• _Required action_
From the line with "대파 2대는 큼직하게" to the line with "D-Mannose ist eine", retype each line exactly as it stands in the records below, but skip the pictures.

*** Input data ***

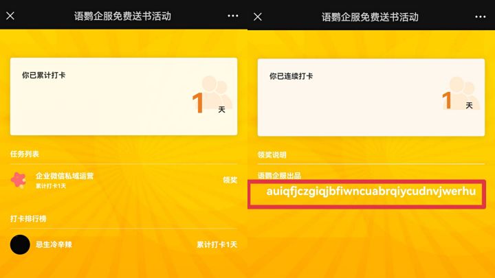 (2)当企业活动奖品设置为兑换码时,用户可以在领奖页面看到奖品专属兑换码,复制到奖品的兑换页面即可领取对应的打卡奖励。
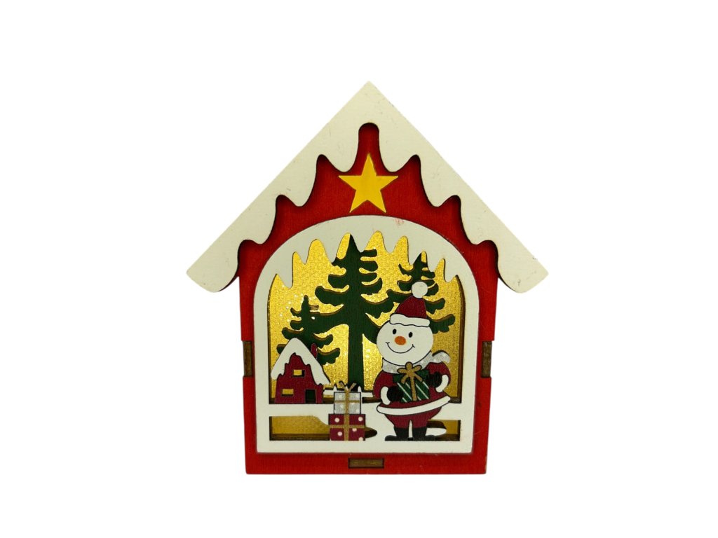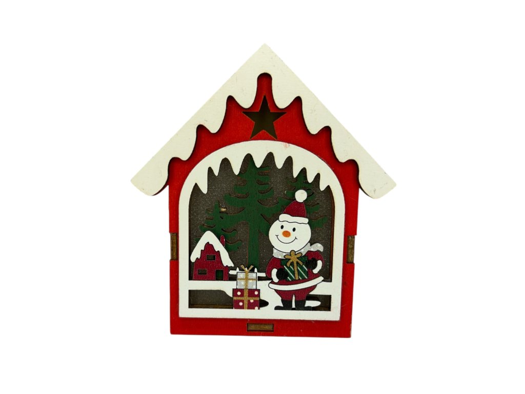 Vánoční LED závěsná dekorace na zavěšení - Domeček se sněhulákem (8x9x5 cm)
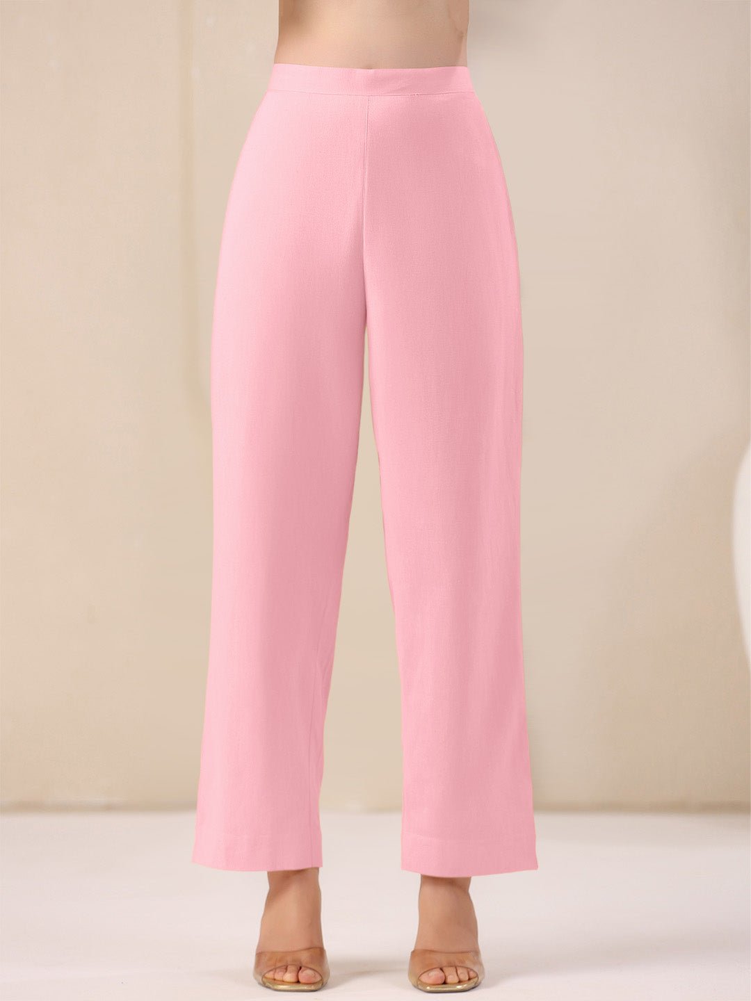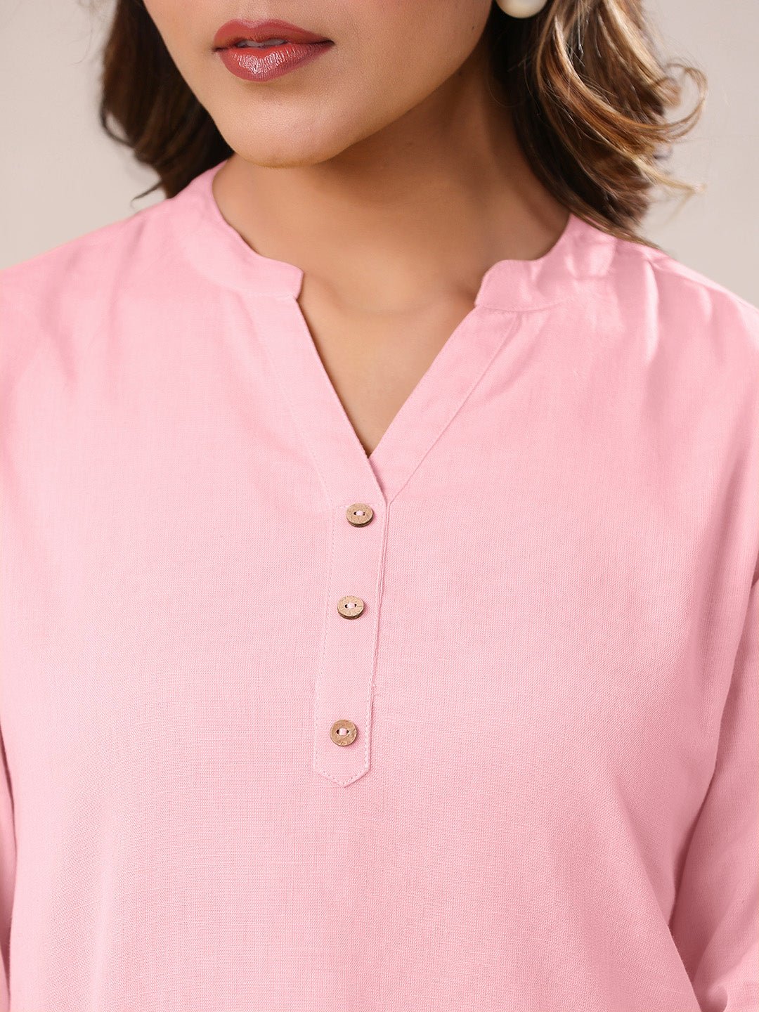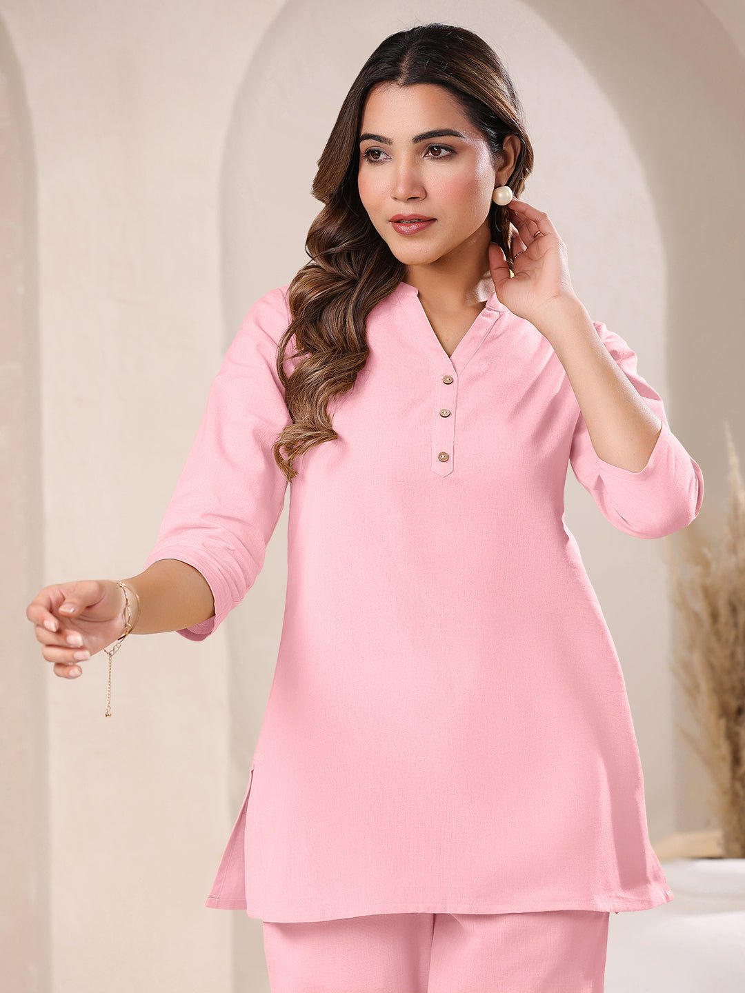 Elevate your casual wardrobe with this pink flex cotton solid a-line co-ord set. The top features a chic notch neck with button ornamentation, adding a subtle touch of elegance. Designed in an a-line silhouette, it ensures a comfortable and flattering fit, while the side pocket adds a practical element. Paired with matching elasticated straight pants, this ensemble perfectly balances style and ease. Ideal for everyday wear, this co-ord set brings effortless sophistication to your look.
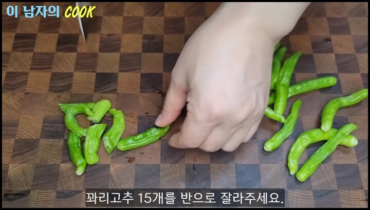 대파 2대는 큼직하게 어슷 썰기 해 줍니다. 꽈리고추 15개를 준비해서 반으로 갈라줍니다. 꽈리고추의 식감과 맛이 돼지갈비찜을 더욱 맛있게 합니다. 꽈리고추 대신 청양고추 3개나 풋고추 4~5개를 넣어도 됩니다.
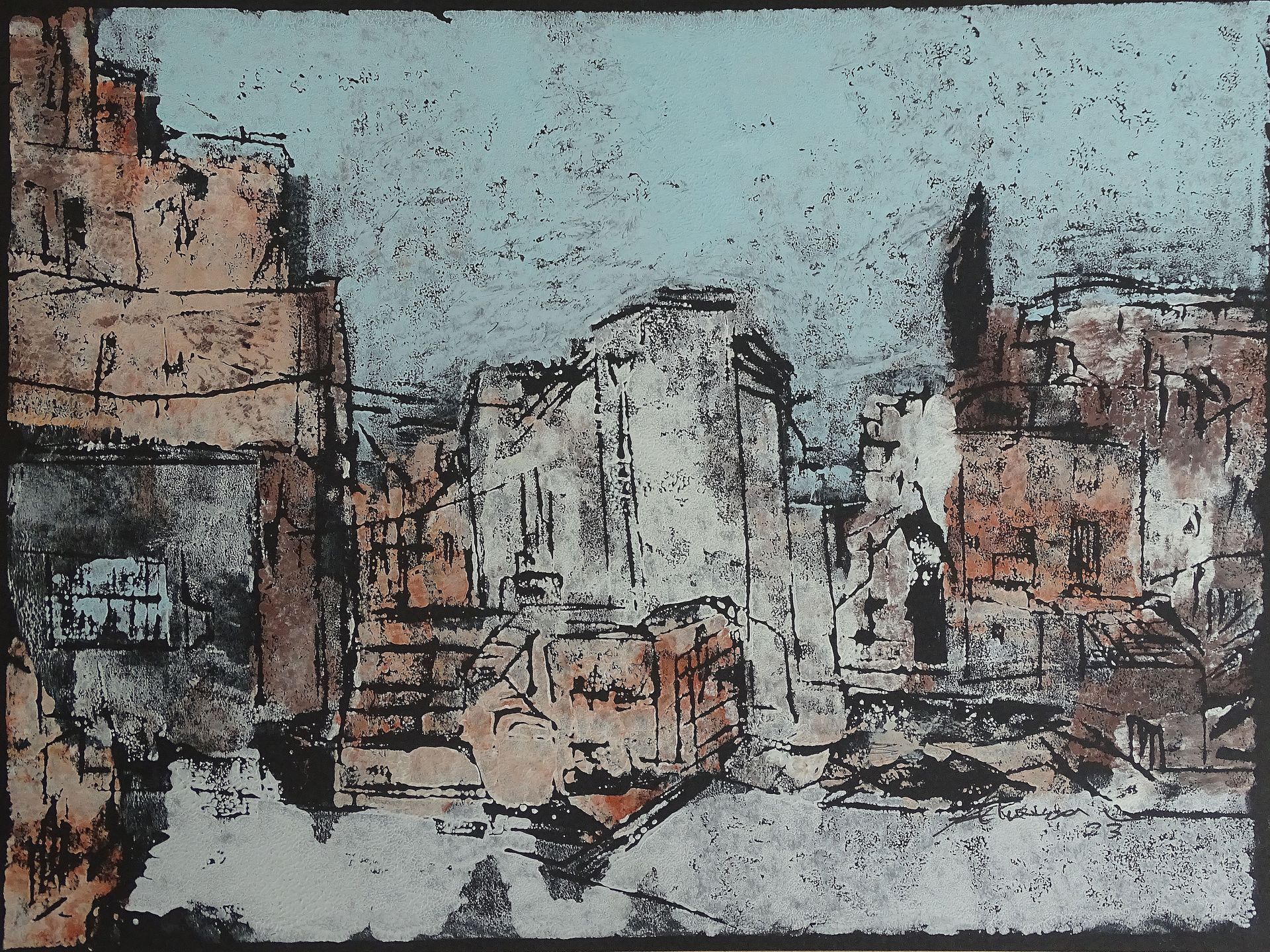 Der Handdruck oben basiert auf einem Foto, das ich 2013 vor Ort gemacht habe. Auch ein paar Zeichnungen konnte ich damals anfertigen. Die Zeit vor Ort war kurz, die Beschäftigung mit dieser Stadt, die wie eine riesige steinerne Bühne wirkt, aber hielt an. Mit den Fotos einer Freundin, die den Ort intensiver erkundet hatte, bin ich 2023 noch einmal tiefer in das „Thema Matera“ eingestiegen. Es wurde eine Mischung von realen Szenen und urbanen Phantasien, in dem manches "farbiger" erscheint als in der "Wirklichkeit". Einiges ist hier „Synthese“ aus durchaus typischen Ecken und Blicken in einem Gewimmel aus Gebäuden und dem Auf und Ab von Treppen und steilen Gassen.
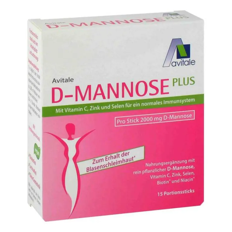D-Mannose ist eine in der Natur vorkommende Zuckerart, die mit Traubenzucker (Glucose) verwandt ist. Sie wird vom menschlichen Körper in geringem Umfang selbst hergestellt, aber kaum verwertet. Avitale D-Mannose Plus enthält rein pflanzliche D-Mannose, gewonnen aus Mais. Sie wurde ausgewogen kombiniert mit wichtigen Vitaminen und Mineralstoffen für das Wohlbefinden von Frauen.
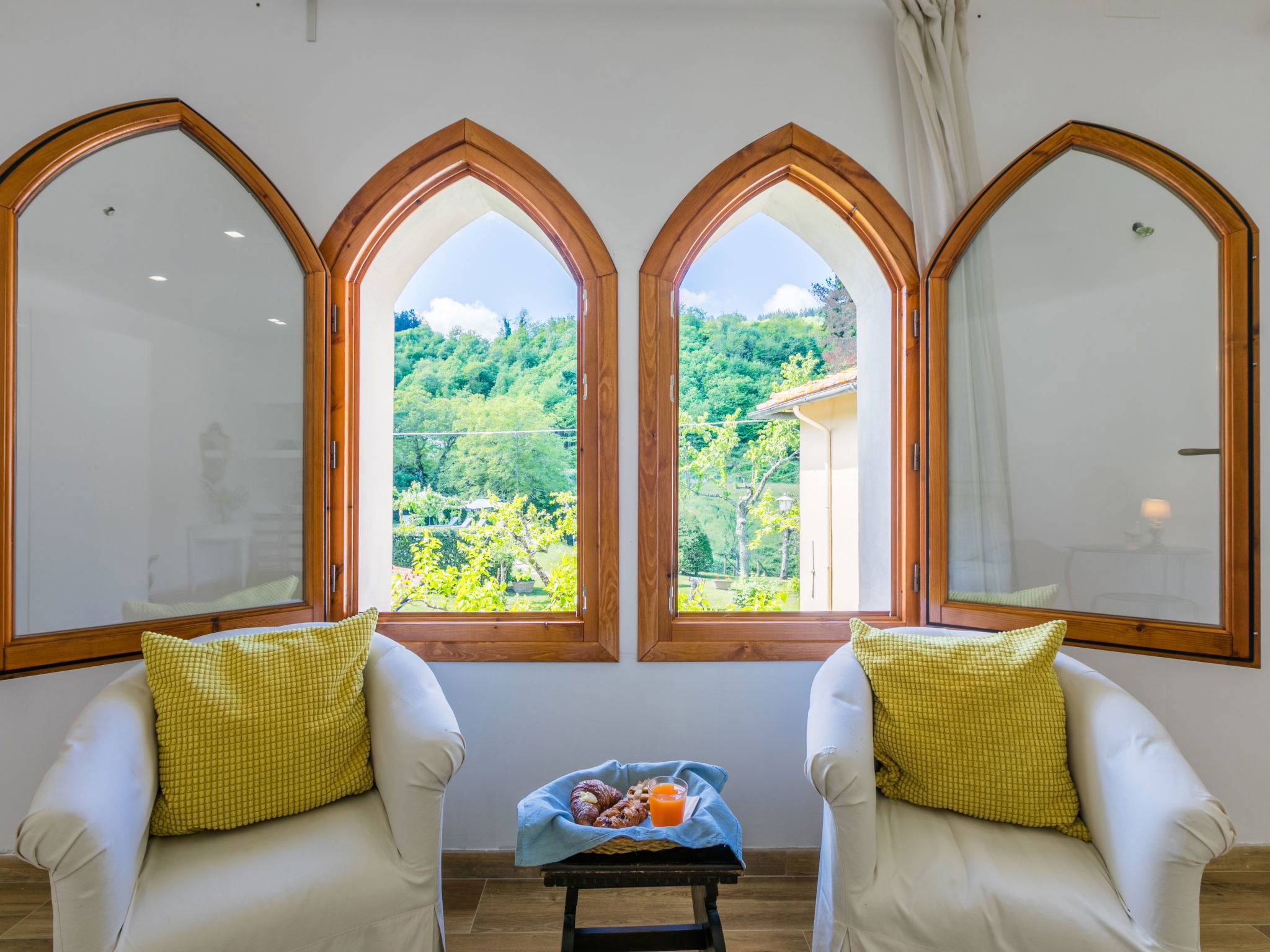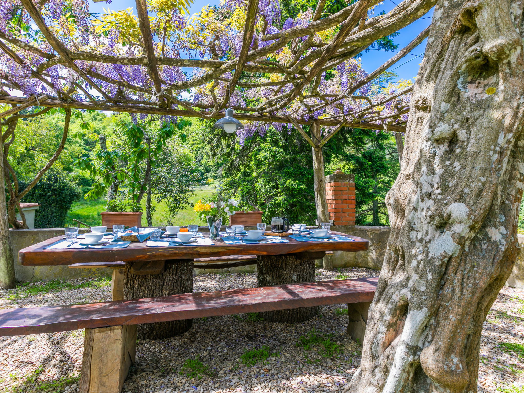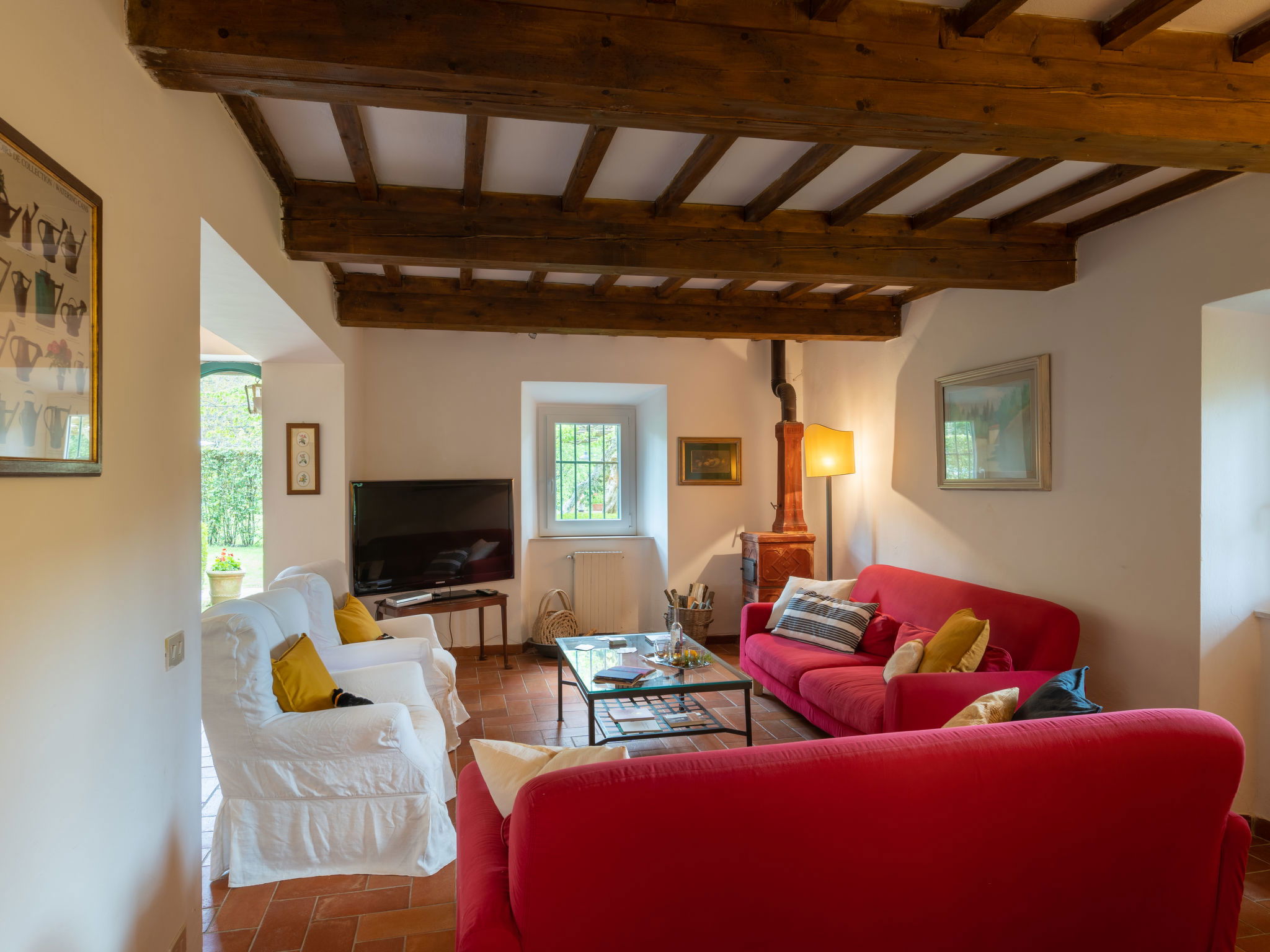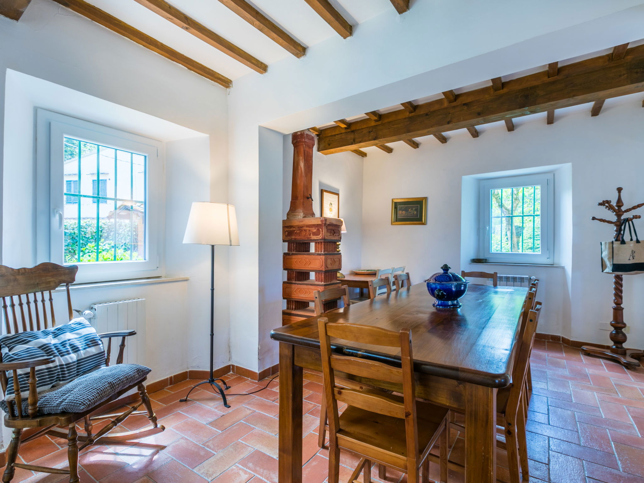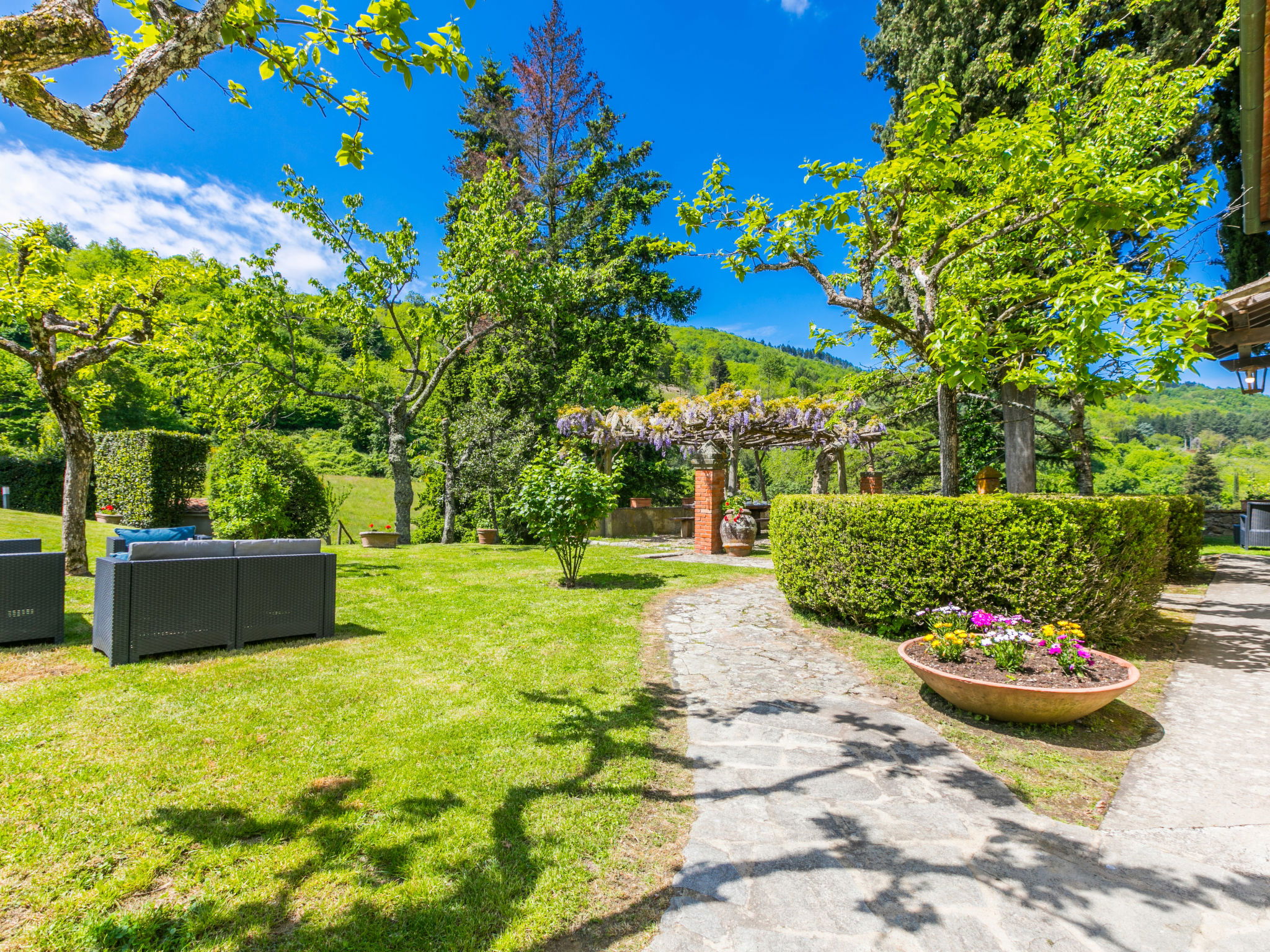 "Villa Castagnoli", 7-room villa 250 m2 on 2 levels. Comfortable and wooden furniture furnishings: living/dining room with open-hearth fireplace, dining table and satellite TV (flat screen). Exit to the garden. Open kitchen (oven, dishwasher, 5 gas rings, freezer, electric coffee machine) with open-hearth fireplace. Sep. WC. Upper floor: 3 rooms, each room with 1 french bed (160 cm). 2 rooms, each room with 2 beds (80 cm). Bath/WC, 2 showers/WC. Gas heating. Parquet floors. Terrace roofed. View of the valley and the garden. Facilities: washing machine, iron, baby cot for up to 2 year olds. Internet (WiFi, free). Parking (4 cars) at the house. Please note: non-smokers only. Maximum 1 pet/ dog allowed. No mandatory extra charges to be paid on-site except for local tax. IT048021B49F5V68X8

*** End of Input data ***

• _Task output_
 대파 2대는 큼직하게 어슷 썰기 해 줍니다. 꽈리고추 15개를 준비해서 반으로 갈라줍니다. 꽈리고추의 식감과 맛이 돼지갈비찜을 더욱 맛있게 합니다. 꽈리고추 대신 청양고추 3개나 풋고추 4~5개를 넣어도 됩니다.
 Der Handdruck oben basiert auf einem Foto, das ich 2013 vor Ort gemacht habe. Auch ein paar Zeichnungen konnte ich damals anfertigen. Die Zeit vor Ort war kurz, die Beschäftigung mit dieser Stadt, die wie eine riesige steinerne Bühne wirkt, aber hielt an. Mit den Fotos einer Freundin, die den Ort intensiver erkundet hatte, bin ich 2023 noch einmal tiefer in das „Thema Matera“ eingestiegen. Es wurde eine Mischung von realen Szenen und urbanen Phantasien, in dem manches "farbiger" erscheint als in der "Wirklichkeit". Einiges ist hier „Synthese“ aus durchaus typischen Ecken und Blicken in einem Gewimmel aus Gebäuden und dem Auf und Ab von Treppen und steilen Gassen.
D-Mannose ist eine in der Natur vorkommende Zuckerart, die mit Traubenzucker (Glucose) verwandt ist. Sie wird vom menschlichen Körper in geringem Umfang selbst hergestellt, aber kaum verwertet. Avitale D-Mannose Plus enthält rein pflanzliche D-Mannose, gewonnen aus Mais. Sie wurde ausgewogen kombiniert mit wichtigen Vitaminen und Mineralstoffen für das Wohlbefinden von Frauen.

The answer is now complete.